Shadow gulped. Was an eagle capable of that? he asked.
He provoked an explosion. The quiet old man suddenly became the prophet, words pouring from him as he stamped up and down the porch. From the expressions on the others' faces, they had heard it all many times before, but it was new to Shadow--this was the rhetoric that had toppled the throne of Allaban.
"Capable? They are as smart as you are, if not smarter! Stop thinking of them as animals! They are people!
"It is their world, not ours! You have only to look--they were made for it and we are not. They ruled it and enjoyed it untrammeled until men came.
"How could they have understood? They saw us come and start killing their game, their food. At first there would be little of that, and perhaps at first they did not mind, for they are generous. But then men started putting up fences and sowing crops, and there was no more game there. And men started breeding livestock! How could the birds have known that those were property? They have no property except their eggs. They could not have understood that those beasts were not there for the taking like all others. They cannot hear our words; men did not see that their combs were speaking.

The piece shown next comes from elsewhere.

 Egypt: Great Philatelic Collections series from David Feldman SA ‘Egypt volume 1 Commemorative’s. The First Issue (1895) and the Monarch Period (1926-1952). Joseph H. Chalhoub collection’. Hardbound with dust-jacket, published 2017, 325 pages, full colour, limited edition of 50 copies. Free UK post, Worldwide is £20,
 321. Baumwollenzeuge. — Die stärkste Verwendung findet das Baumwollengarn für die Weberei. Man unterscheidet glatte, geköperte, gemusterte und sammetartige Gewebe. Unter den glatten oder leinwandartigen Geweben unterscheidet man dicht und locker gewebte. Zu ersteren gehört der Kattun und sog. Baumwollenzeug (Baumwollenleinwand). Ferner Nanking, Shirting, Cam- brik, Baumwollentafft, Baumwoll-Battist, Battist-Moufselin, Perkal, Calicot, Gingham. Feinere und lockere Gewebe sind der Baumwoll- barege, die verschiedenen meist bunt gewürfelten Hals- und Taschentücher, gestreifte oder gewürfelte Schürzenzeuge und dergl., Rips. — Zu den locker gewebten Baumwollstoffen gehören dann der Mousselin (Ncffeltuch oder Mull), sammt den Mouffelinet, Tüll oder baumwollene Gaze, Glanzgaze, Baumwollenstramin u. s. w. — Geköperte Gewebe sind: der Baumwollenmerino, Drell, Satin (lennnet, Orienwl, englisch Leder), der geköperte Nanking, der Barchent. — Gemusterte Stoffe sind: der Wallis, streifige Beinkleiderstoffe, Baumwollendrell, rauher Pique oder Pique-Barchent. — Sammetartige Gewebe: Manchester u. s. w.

The fault was ours, for they have no hearing, but we have sight. But neither understood, and it was war.
"Then men discovered that a hooded bird is helpless. How? Perhaps that was wisdom from the Holy Ark. Perhaps it was just a lucky chance discovery--lucky for men.
"They had soared the whole world--an eagle can stay aloft for days, did you know that? Male and female together, singing of their joy and of beauty. There are many things you cannot talk about with an eagle: unrequited love, or interior decorating, or music, or cooking, or taxes. They think our minds unbearably cluttered. But try beauty! Try philosophy! Honor...duty...joy...loyalty...logic! And they have more than a hundred different words for 'wind'--they taste the wind, play in it, dance in it, use it. They are spirits of the air itself. We chained them to the ground!

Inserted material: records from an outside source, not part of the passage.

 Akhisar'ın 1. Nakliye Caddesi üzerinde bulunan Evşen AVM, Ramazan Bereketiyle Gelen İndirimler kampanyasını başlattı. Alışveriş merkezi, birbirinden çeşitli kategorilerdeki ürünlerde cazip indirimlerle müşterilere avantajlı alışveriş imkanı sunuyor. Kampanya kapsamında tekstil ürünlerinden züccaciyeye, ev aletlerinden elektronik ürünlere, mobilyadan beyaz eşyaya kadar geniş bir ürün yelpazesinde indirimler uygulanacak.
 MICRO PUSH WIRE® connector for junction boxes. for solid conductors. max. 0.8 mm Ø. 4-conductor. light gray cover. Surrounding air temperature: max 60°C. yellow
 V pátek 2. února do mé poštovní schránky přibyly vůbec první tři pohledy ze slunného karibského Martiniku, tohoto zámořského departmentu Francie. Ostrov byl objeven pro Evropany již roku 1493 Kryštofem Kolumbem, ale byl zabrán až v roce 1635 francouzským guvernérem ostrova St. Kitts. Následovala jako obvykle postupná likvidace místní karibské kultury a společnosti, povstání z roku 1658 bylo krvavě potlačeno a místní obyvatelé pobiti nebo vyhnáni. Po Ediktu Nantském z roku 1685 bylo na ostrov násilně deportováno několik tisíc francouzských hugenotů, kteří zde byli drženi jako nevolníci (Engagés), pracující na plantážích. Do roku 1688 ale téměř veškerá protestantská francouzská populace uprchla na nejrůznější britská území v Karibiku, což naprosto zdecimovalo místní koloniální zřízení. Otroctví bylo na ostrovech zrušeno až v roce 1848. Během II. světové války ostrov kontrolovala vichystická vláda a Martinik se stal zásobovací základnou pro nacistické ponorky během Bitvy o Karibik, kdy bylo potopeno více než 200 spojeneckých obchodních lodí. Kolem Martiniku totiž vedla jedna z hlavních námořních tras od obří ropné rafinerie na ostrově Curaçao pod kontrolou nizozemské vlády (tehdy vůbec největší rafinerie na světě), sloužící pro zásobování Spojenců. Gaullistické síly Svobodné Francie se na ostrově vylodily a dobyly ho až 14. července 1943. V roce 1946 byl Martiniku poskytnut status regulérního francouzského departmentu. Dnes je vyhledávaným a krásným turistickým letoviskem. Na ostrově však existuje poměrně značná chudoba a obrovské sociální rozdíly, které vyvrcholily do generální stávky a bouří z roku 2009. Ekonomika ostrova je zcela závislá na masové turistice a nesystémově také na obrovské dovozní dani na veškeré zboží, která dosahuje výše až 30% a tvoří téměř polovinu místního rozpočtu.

"They use time as we do not. They are at once incredibly faster than we are and incredibly slower. Your NailBiter and his mate probably chose each other within a few minutes of first sight--and they will still be bonded when your grandchildren are old. They can pass information a hundred times faster than we do, yet they can take days to discuss a single kill. They count to eight--eight points on a comb--and it is their pride to have eight great-grandchildren, neither more nor less. But they have insights into mathematics that we cannot comprehend, into space and time.
"But we hooded them, blinded them! They soared no more. A captive bird lives hooded or blinkered or chained...or doing what a rider tells it. Their captivity is more cruel than we impose on our fellows in dungeons, for they can see and talk with their free brethren and yet may never join them.
"Their cawking is sacred to them, yet we pen male and female together and so force our choice upon them. We feed them drugs to make them breed, for sex is not a drive with them as it is with us--copulation is merely a deliberate act of child making, as we might build a house. They think us insane about mating, yet it is a private thing to them also, and we give them no solitude.
"We treat them as beasts, and they are people, and we made them slaves."
The cracked old voice rose to a shout.
"And our punishment was to be made slaves ourselves!